Uh, I shouldn't have buried my important comments so far down the
email :/ I wasn't sure whether you had missed the paragraph.
> > On the other hand, untangling all code paths that come from
> > trampolines (with a light regs structure) from those that come from an
> > exception (with a pt_regs) could lead to a lot of duplicated code, and
> > converting between each subsystem's idea of a light regs structure
> > (what if perf introduces a perf_regs now ?) would be tedious and slow
> > (lots of copies ?).
>
> This is one discussion point I think. Actually, using pt_regs in kretprobe
> (and rethook) is histrical accident. Originally, it had put a kprobe on
> the function return trampoline to hook it. So keep the API compatiblity
> I made the hand assembled code to save the pt_regs on the stack.
>
> My another question is if we have the fprobe to trace (hook) the function
> return, why we still need the kretprobe itself. I think we can remove
> kretprobe and use fprobe exit handler, because "function" probing will
> be done by fprobe, not kprobe. And then, we can simplify the kprobe
> interface and clarify what it is -- "kprobe is a wrapper of software
> breakpoint". And we don't need to think about duplicated code anymore :)
That sounds reasonable to me
> As I said, I would like to phase out the kretprobe itself because it
> provides the same feature of fprobe, which is confusing. jprobe was
> removed a while ago, and now kretprobe is. But we can not phase out
> it at once. So I think we will keep current kretprobe trampoline on
> arm64 and just add new ftrace_regs based rethook. Then remove the
> API next release. (after all users including systemtap is moved)
Heads up to BPF folks though since they also have BPF "kretprobe"
program types which would break in a similar fashion as multi_kprobe
(even though BPF kretprobe programs have also been discouraged for a
while in favor of BPF fexit programs)
> > > The reason I started the FTRACE_WITH_ARGS (which gave us ftrace_regs) in
> > > the first place, was because of the overhead you reported to me with
> > > ftrace_regs_caller and why you wanted to go the direct trampoline approach.
> > > That's when I realized I could use a subset because those registers were
> > > already being saved. The only reason FTRACE_WITH_REGS was created was it
> > > had to supply full pt_regs (including flags) and emulate a breakpoint for
> > > the kprobes interface. But in reality, nothing really needs all that.
> > >
> > > > It's not about access to args.
> > > > pt_regs is passed from bpf prog further into all kinds of perf event
> > > > functions including stack walking.
> >
> > If all accesses are done in BPF bytecode, we could (theoretically)

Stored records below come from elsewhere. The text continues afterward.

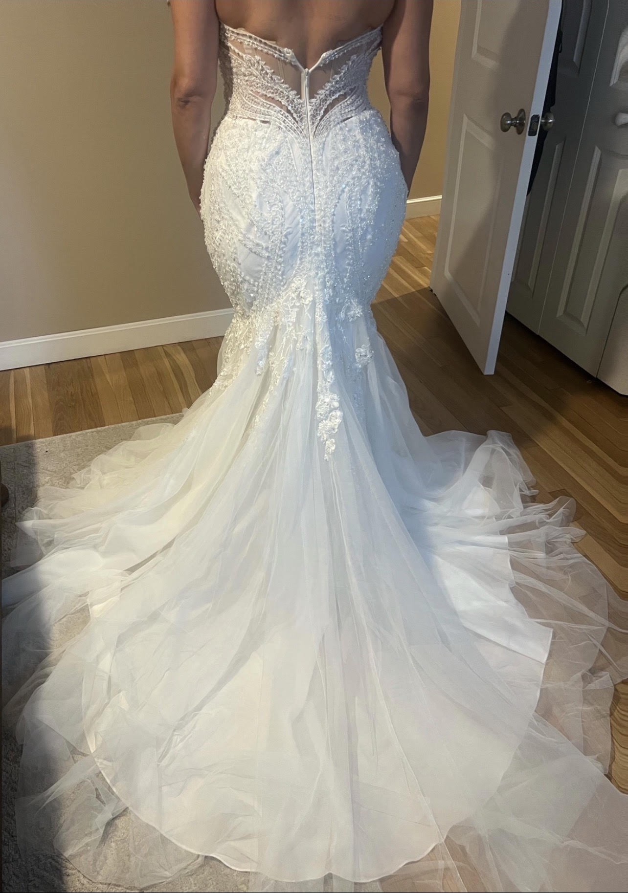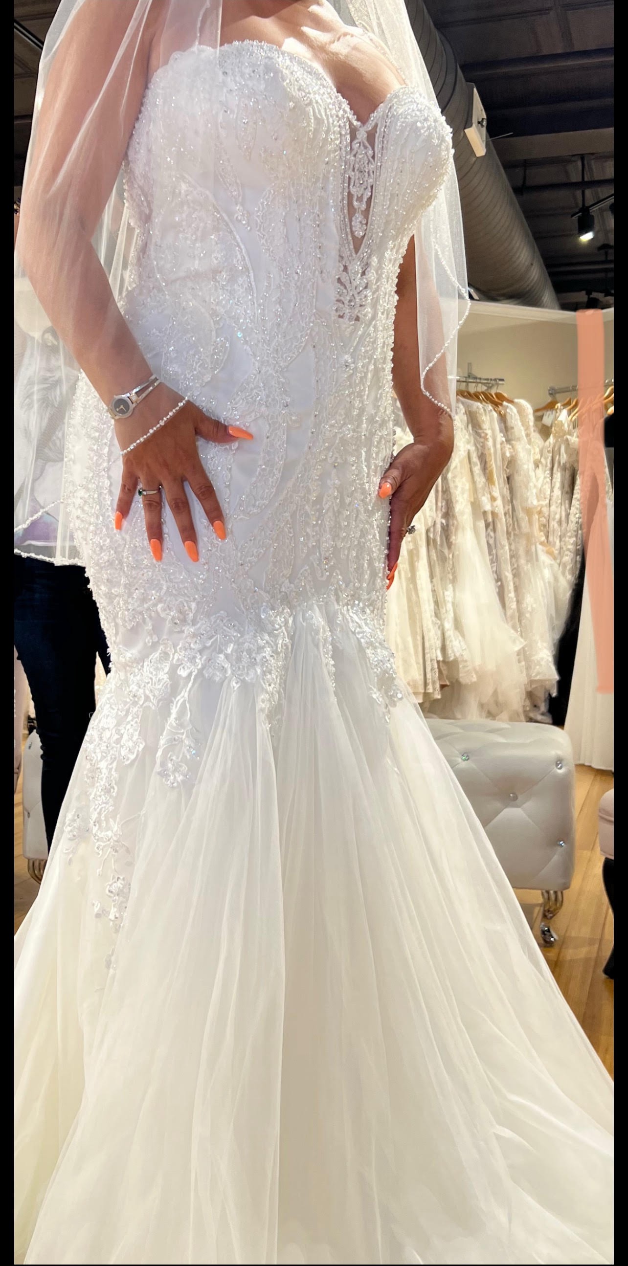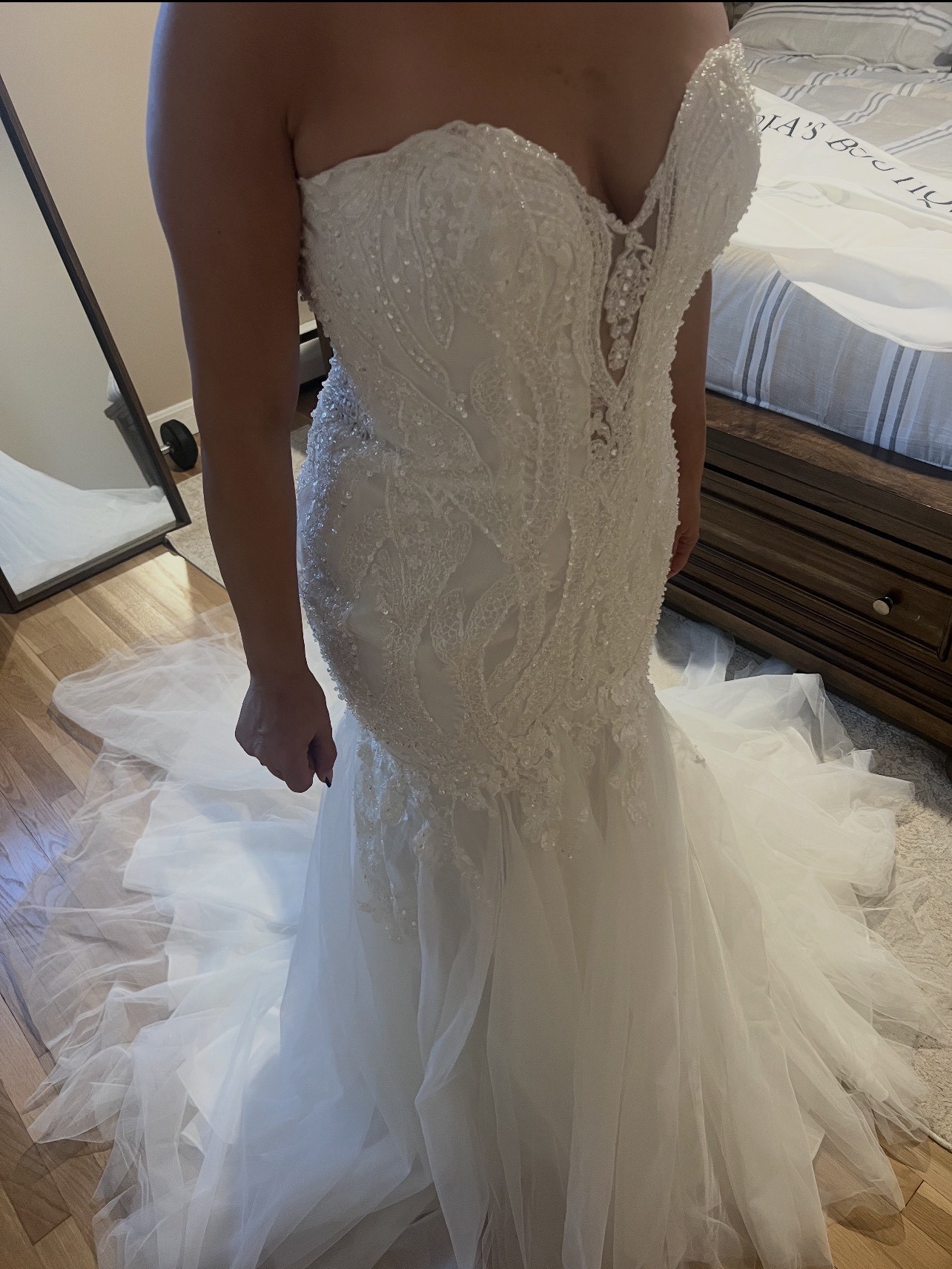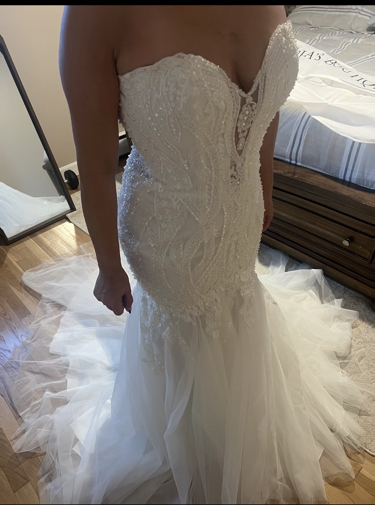 This custom-made wedding dress is a breathtaking embodiment of elegance and personal style. Designed in a striking mermaid silhouette, it gently hugs your curves before flaring out beautifully at the knees, ensuring a captivating presence as you walk down the aisle. The sweetheart neckline adds a romantic touch, perfectly framing your décolletage and enhancing your natural beauty, while the strapless design allows for effortless movement.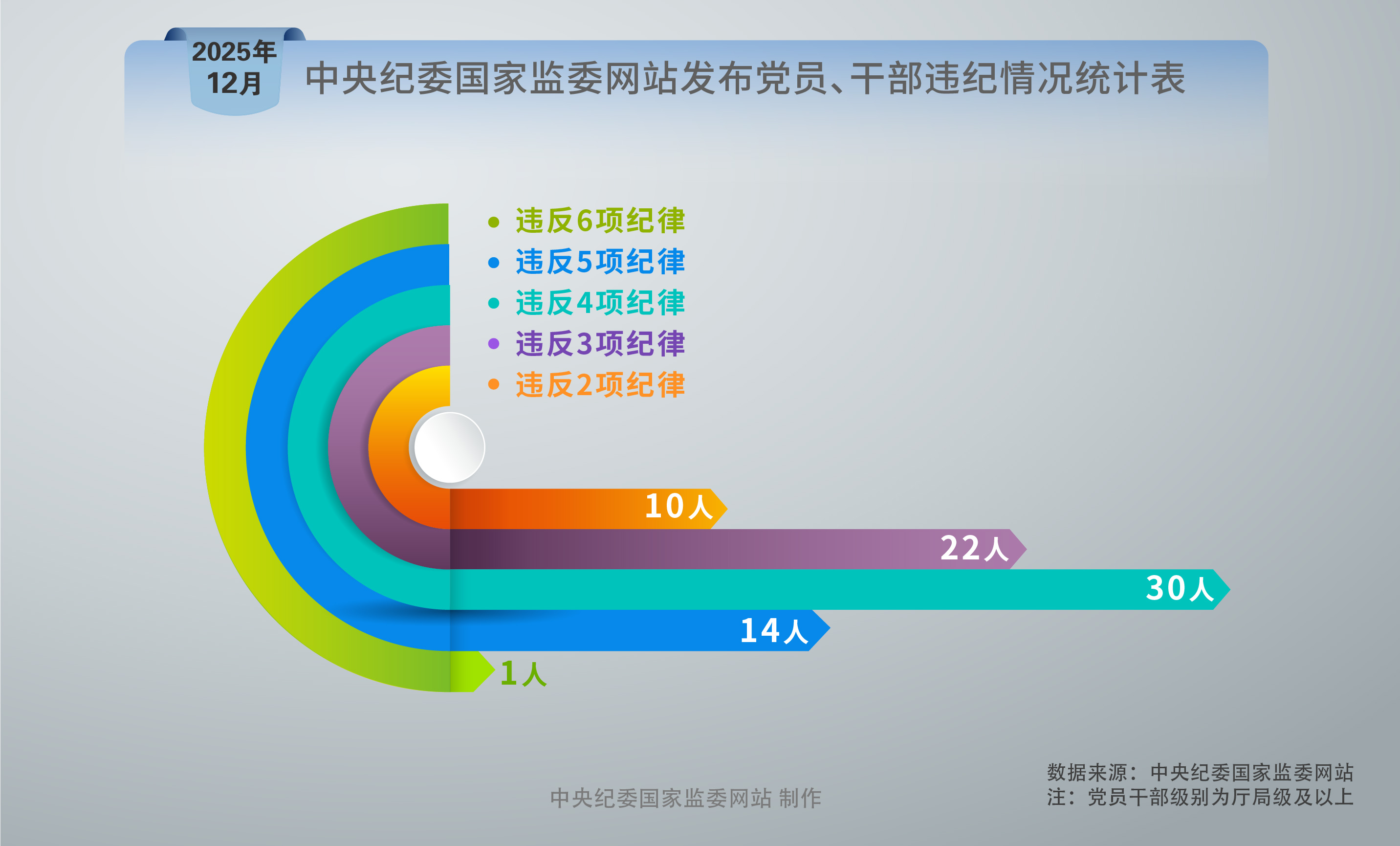 2025年12月,在中央纪委国家监委网站发布的党纪政务处分信息中,被处分党员、干部多数违反多项纪律。违反6项纪律的1人,违反5项纪律的14人,违反4项纪律的30人,违反3项纪律的22人,违反2项纪律的10人。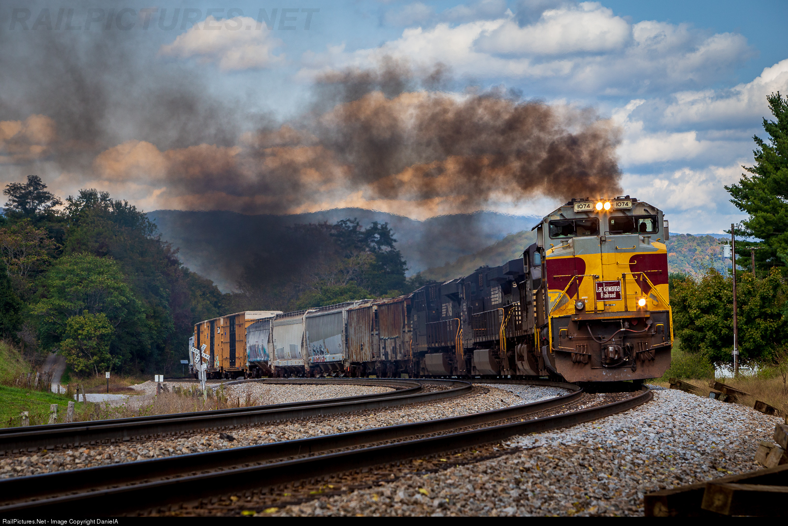 The Lackawanna heritage unit puts on a smoke show as it leads NS 15T up grade in Shawsville, Va.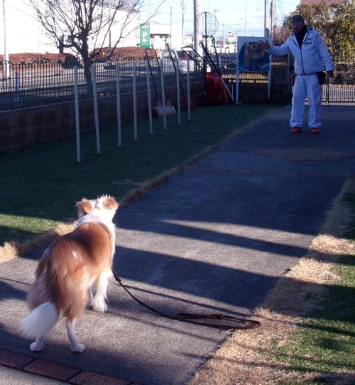 立止待て1周! 同一方向 停座から伏臥! 遠隔、伏臥から立止! 紐付き脚側行進! 行進中の回れ!

> > have the verifier and JIT work together to deny accesses to
> > unpopulated fields, or relocate pt_regs accesses to ftrace_regs
> > accesses to keep backward compatibility with existing multi_kprobe BPF
> > programs.
>
> Yeah, that is what I would like to suggest, and what my patch does.
> (let me update rethook too, it'll be a bit tricky since I don't want
> break anything)
I agree with Alexei that this is an unnecessary amount of complexity
in the verifier just to avoid a struct copy though. It's good to know
that we _could_ do it if we really need to someday but then again, if
a user chooses an interface that gets a pt_regs they shouldn't expect
high performance. Therefore, I think it's ok for BPF multi_kprobe to
copy fields from a ftrace_regs to a pt_regs on stack, especially if it
avoids so much additional complexity in the verifier.